++++ Data records ++++
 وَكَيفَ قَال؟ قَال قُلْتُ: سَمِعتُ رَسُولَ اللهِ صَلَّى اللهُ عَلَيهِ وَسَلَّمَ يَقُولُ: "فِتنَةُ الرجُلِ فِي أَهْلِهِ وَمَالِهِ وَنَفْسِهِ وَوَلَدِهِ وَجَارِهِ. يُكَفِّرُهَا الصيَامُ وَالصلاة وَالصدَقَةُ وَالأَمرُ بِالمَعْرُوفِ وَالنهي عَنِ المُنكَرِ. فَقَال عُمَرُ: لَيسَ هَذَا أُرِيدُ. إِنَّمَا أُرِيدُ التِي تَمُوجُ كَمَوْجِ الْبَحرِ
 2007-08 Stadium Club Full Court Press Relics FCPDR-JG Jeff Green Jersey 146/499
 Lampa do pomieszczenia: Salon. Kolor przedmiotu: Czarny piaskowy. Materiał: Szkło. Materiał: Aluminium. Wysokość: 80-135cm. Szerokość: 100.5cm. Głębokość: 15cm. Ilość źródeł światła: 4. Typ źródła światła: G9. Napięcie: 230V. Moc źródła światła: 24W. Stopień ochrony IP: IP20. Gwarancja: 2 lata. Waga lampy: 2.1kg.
++++
++++ Data records ++++
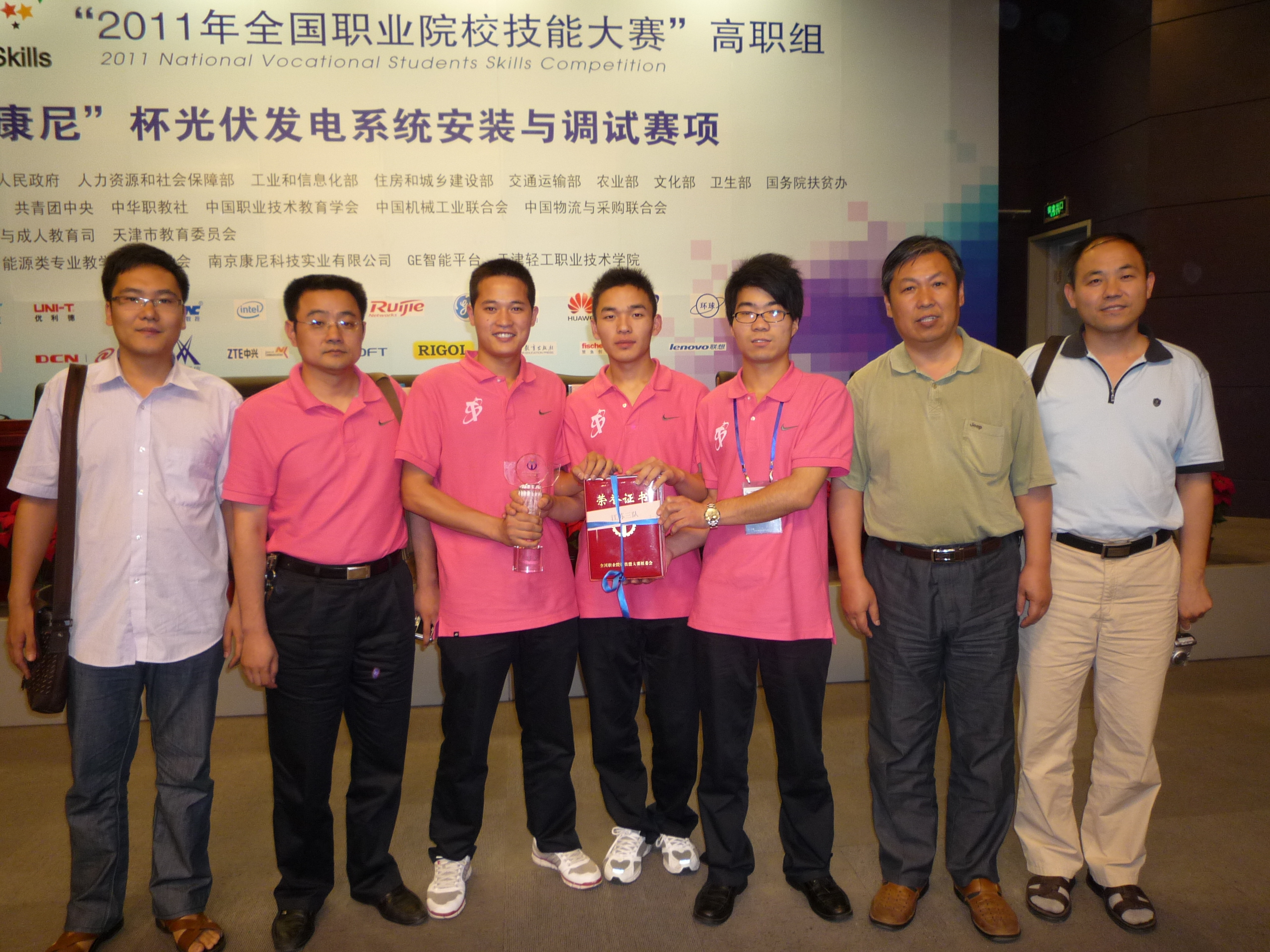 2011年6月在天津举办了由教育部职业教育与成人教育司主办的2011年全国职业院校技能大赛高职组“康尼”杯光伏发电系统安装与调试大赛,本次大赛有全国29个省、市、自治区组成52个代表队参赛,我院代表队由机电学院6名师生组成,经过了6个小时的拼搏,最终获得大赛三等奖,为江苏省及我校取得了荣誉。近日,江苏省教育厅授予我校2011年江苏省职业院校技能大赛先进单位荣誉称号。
++++
→ **Task goal**:
When the line with "وَكَيفَ قَال؟ قَال" is reached in the data above, begin copying, and stop after the line with "Lampa do pomieszczenia: Salon."; copy each line exactly, both ends included.

→ **Solution to this task**:
 وَكَيفَ قَال؟ قَال قُلْتُ: سَمِعتُ رَسُولَ اللهِ صَلَّى اللهُ عَلَيهِ وَسَلَّمَ يَقُولُ: "فِتنَةُ الرجُلِ فِي أَهْلِهِ وَمَالِهِ وَنَفْسِهِ وَوَلَدِهِ وَجَارِهِ. يُكَفِّرُهَا الصيَامُ وَالصلاة وَالصدَقَةُ وَالأَمرُ بِالمَعْرُوفِ وَالنهي عَنِ المُنكَرِ. فَقَال عُمَرُ: لَيسَ هَذَا أُرِيدُ. إِنَّمَا أُرِيدُ التِي تَمُوجُ كَمَوْجِ الْبَحرِ
 2007-08 Stadium Club Full Court Press Relics FCPDR-JG Jeff Green Jersey 146/499
 Lampa do pomieszczenia: Salon. Kolor przedmiotu: Czarny piaskowy. Materiał: Szkło. Materiał: Aluminium. Wysokość: 80-135cm. Szerokość: 100.5cm. Głębokość: 15cm. Ilość źródeł światła: 4. Typ źródła światła: G9. Napięcie: 230V. Moc źródła światła: 24W. Stopień ochrony IP: IP20. Gwarancja: 2 lata. Waga lampy: 2.1kg.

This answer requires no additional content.